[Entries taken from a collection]
- Opening Delimiter -

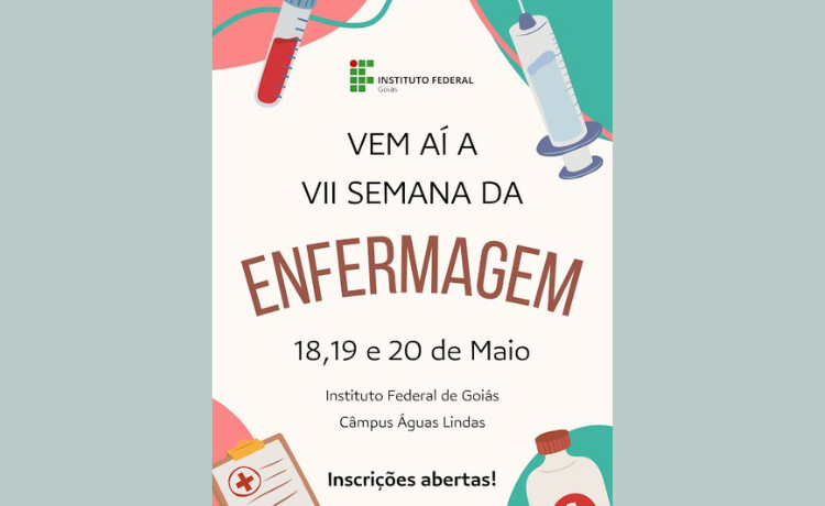O Câmpus Águas Lindas do Instituto Federal de Goiás (IFG) irá realizar, de 18 a 20 de maio, a VII Semana de Enfermagem. O evento é gratuito e voltado à comunidade acadêmica. A abertura será na próxima na quinta-feira (18), às 19h, com a palestra que traz o tema do evento: “O letramento em saúde como método de valorização do profissional técnico em Enfermagem”, no auditório.
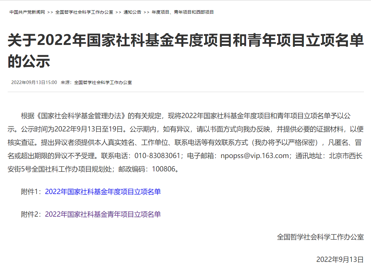 链接:关于2022年国家社科基金年度项目和青年项目立项名单的公示
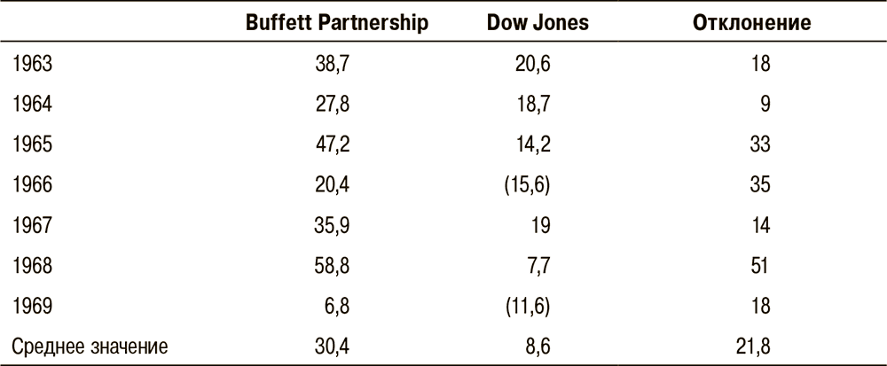 Динамика доходности Buffett Partnership и рынка в целом (в процентном выражении)
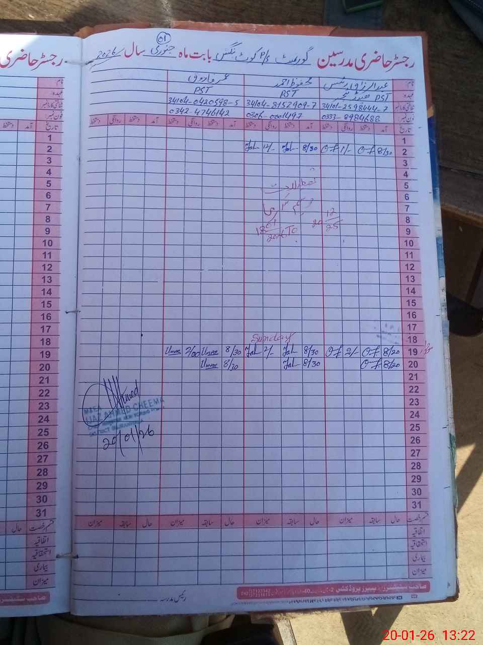 | Name: Ab**** Ra**** Designation: (School Headmaster's/Headmistress's) PST Phone/Cell Number: 03**** |
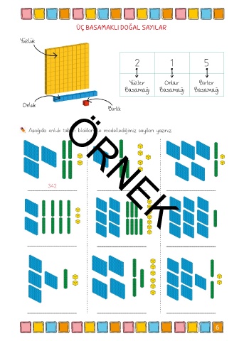 ÜÇ BASAMAKLI DOĞAL SAYILAR Yüzlük 2 1 5 Yüzler Onlar Birler Basamağı Basamağı Basamağı Onluk Birlik Aşağıda onluk taban blokları ile modellediğimiz sayıları yazınız. 342 ÖRNEK 6
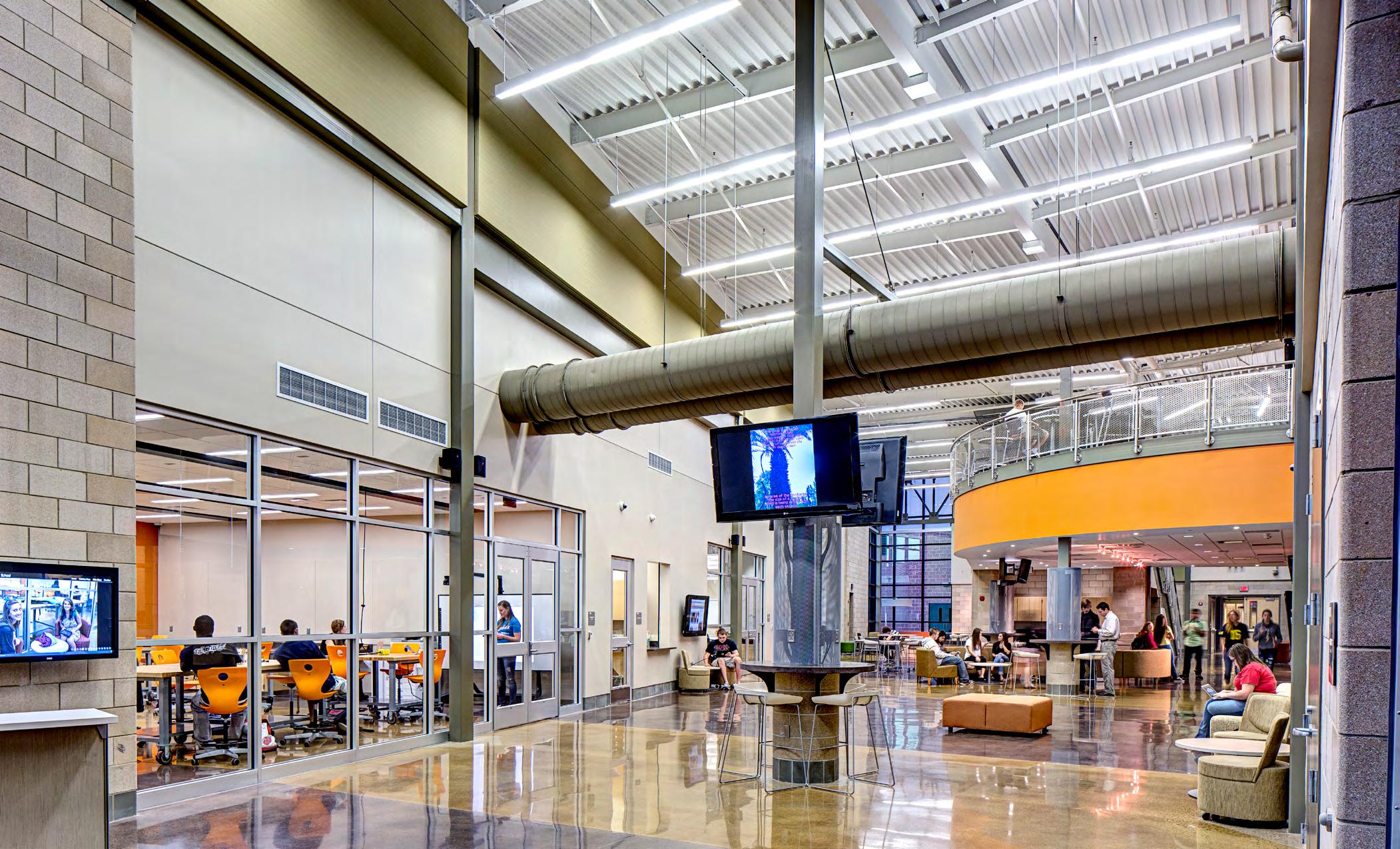 At the terminus of Scholar Street is a two-story Innovation Center which represents the central tenets of the Center for Innovation and Digital Learning: exploration, collaboration and critical thinking. The Innovation Center includes a research commons, technology exploration labs, a television studio and science demonstration labs that double as makerspaces. The dramatic building includes a large amount of glass curtainwall, providing Tyrone Middle School with a striking new identity within the community.

- Closing Delimiter -

Output exactly those lines of the data above that run from the line with "Number: 03**** |" up to and including the line with "ÜÇ BASAMAKLI DOĞAL". No pictures go in.

Answer section:
 | Name: Ab**** Ra**** Designation: (School Headmaster's/Headmistress's) PST Phone/Cell Number: 03**** |
 ÜÇ BASAMAKLI DOĞAL SAYILAR Yüzlük 2 1 5 Yüzler Onlar Birler Basamağı Basamağı Basamağı Onluk Birlik Aşağıda onluk taban blokları ile modellediğimiz sayıları yazınız. 342 ÖRNEK 6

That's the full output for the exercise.